Thursday, 5 February 2026

Rita Orji recommended to serve on the United Nations International Scientific AI Panel

In a world where artificial intelligence is reshaping economies, societies, and power structures at unprecedented speed, the question of who gets to help shape its rules has never mattered more. This is why the recent recommendation of Professor Rita Orji to the United Nations International Scientific AI Panel is both a personal triumph and a moment of global significance for Nigeria, for Africa, and for the future of responsible AI governance.

Recommended by the UN Secretary-General, António Guterres, Prof. Orji stands among 40 experts drawn from across the world, following a rigorous international selection process.
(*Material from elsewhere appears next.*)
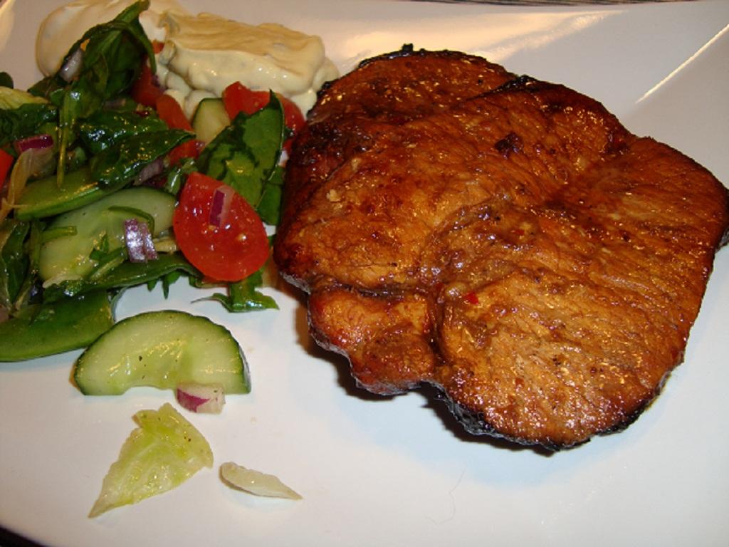 Igår blev det som sagt lite grillat på kvällen och igår blev det att grilla fjärilskotletter, till det serverade vi salladen och vitlökscreme fraichen som blev över från lunchen. Mycket gott!

She is the only Nigerian on the list, and one of the very few voices representing the Global South at a table where decisions will influence how artificial intelligence evolves across borders and generations.
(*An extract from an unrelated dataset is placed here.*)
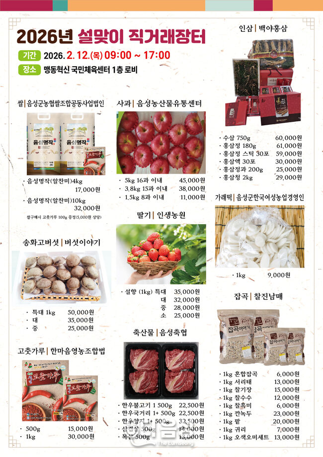 이어 설을 코앞에 둔 2월 12일에는 맹동혁신 국민체육센터에서 본격적인 ‘음성군 농산물 직거래장터’가 열린다. 이번 장터에서는 음성군의 자랑인 쌀, 고춧가루, 사과, 인삼을 비롯해 설 명절 필수품인 가래떡, 버섯, 축산물 등이 판매된다. 관내 농업인이 직접 생산한 고품질 농산물을 시중보다 저렴한 가격에 구매할 수 있어 큰 기대를 모으고 있다.

The final appointment now lies with the United Nations General Assembly, whose vote will determine the composition of a panel designed to guide humanity through one of its most transformative technological eras.

Why the United Nations AI Panel Matters Now

Artificial intelligence is advancing faster than any regulatory or ethical framework can easily contain. From automated decision-making to generative systems capable of influencing elections, economies, and culture, the stakes are no longer theoretical. They are immediate, global, and deeply human.

Recognising this urgency, the United Nations General Assembly took a landmark step last year by establishing an Independent International Scientific Panel on AI. The goal is clear: to ensure that global AI governance is grounded in independent, science-based assessment, not commercial pressure or geopolitical rivalry.

If approved, the panel will provide authoritative guidance to help governments keep pace with rapid technological change, ensuring that innovation remains aligned with humanity’s collective interests rather than drifting beyond democratic and ethical oversight.

Rita Orji’s recommendation places her at the heart of this global effort.

A Scholar Whose Work Anticipated This Moment

Rita’s career has long been shaped by the very questions the United Nations is now racing to address. As a Professor of Computer Science and Canada Research Chair in Persuasive Technology, she has spent years interrogating how intelligent systems interact with human values, behaviour, trust, and culture.

Her work sits at the intersection of human-centred AI, ethics, and persuasive technologies, fields that are increasingly central to debates around AI governance. Long before ethical AI became a policy buzzword, Rita was asking hard questions about bias, inclusion, and accountability, and building frameworks that show how technology can influence behaviour without manipulation or harm.

This depth of expertise makes her recommendation less symbolic and more strategic. She is not merely being recognised; she is being called upon because her research speaks directly to the challenges the world now faces.

Global Recognition, Built on Intellectual Rigor

Rita Orji’s academic journey is marked by sustained excellence rather than momentary acclaim. Her research has been published in leading international journals and conferences, widely cited, and applied across disciplines. She has received multiple awards for innovation, research impact, and leadership, and she is recognised globally as a thought leader in ethical and inclusive technology design.

Beyond publications and honours, her influence is evident in how her ideas travel from academic spaces into real-world conversations about policy, design, and governance. This ability to bridge theory and practice is precisely what the UN panel requires: experts who can translate scientific insight into guidance that governments can act upon.

A Voice for Inclusion in a Uneven Global Landscape

Perhaps the most profound aspect of Rita's recommendation is what it represents in a global system where technological power is often concentrated in a few regions. AI systems are frequently developed without sufficient input from the cultures, contexts, and communities most affected by their deployment.

Prof. Orji has consistently challenged this imbalance. Her work insists that technology must be inclusive by design, sensitive to cultural differences, and accountable to the people it serves. This perspective brings essential balance to a panel tasked with shaping governance frameworks meant for the entire world, not just its most technologically advanced corners.

Her presence ensures that conversations about AI ethics are not abstract, but grounded in lived realities across diverse societies.

Looking Ahead

As the United Nations General Assembly prepares to vote on the panel’s composition, Rita Orji’s recommendation already stands as a moment of significance. If confirmed, she will help guide how the world thinks about, governs, and lives with artificial intelligence in the years ahead.

In a defining era for technology and humanity alike, her voice brings clarity, conscience, and credibility.

For Nigeria, it is a moment of quiet pride. For the world, it is a reminder that the future of AI governance is strongest when it reflects the full diversity of human experience.